- _Available records_
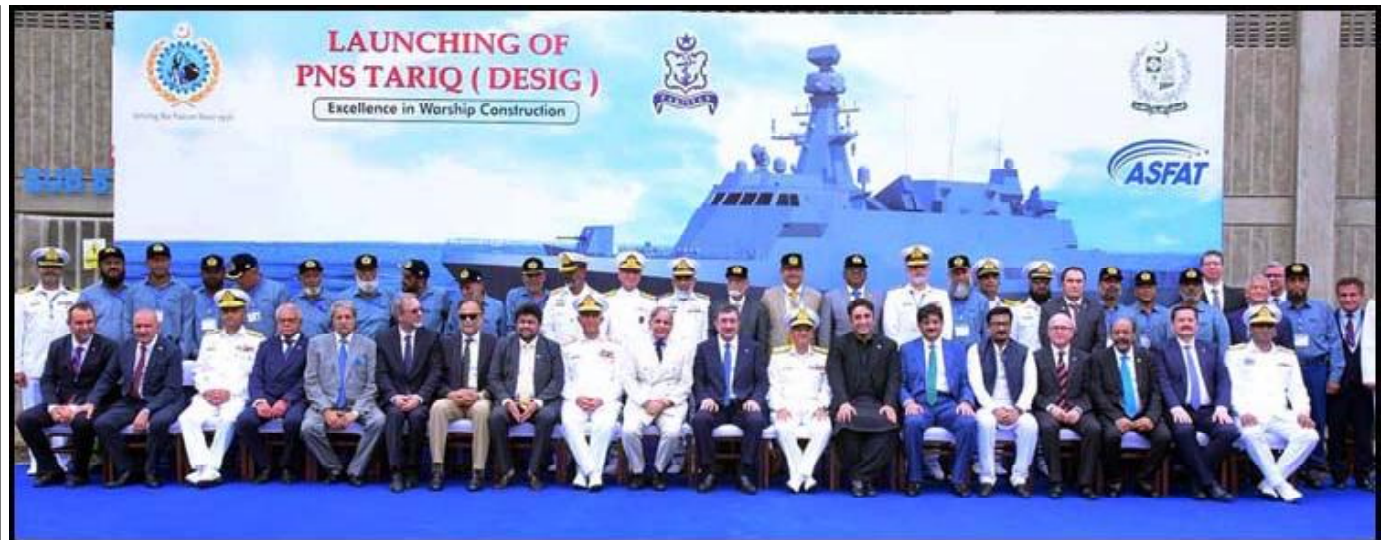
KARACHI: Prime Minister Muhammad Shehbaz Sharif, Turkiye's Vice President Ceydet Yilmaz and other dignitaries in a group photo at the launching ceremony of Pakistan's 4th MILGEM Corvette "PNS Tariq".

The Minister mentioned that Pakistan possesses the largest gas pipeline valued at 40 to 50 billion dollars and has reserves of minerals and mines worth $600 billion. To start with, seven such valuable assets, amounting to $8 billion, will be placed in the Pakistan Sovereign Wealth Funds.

* * *

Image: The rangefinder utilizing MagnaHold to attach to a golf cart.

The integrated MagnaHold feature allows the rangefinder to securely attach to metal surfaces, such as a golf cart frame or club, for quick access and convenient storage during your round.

- _Task to complete_
Each line above where the word "rangefinder" occurs should be returned in full.

- _Solution to this problem_
Image: The rangefinder utilizing MagnaHold to attach to a golf cart.
The integrated MagnaHold feature allows the rangefinder to securely attach to metal surfaces, such as a golf cart frame or club, for quick access and convenient storage during your round.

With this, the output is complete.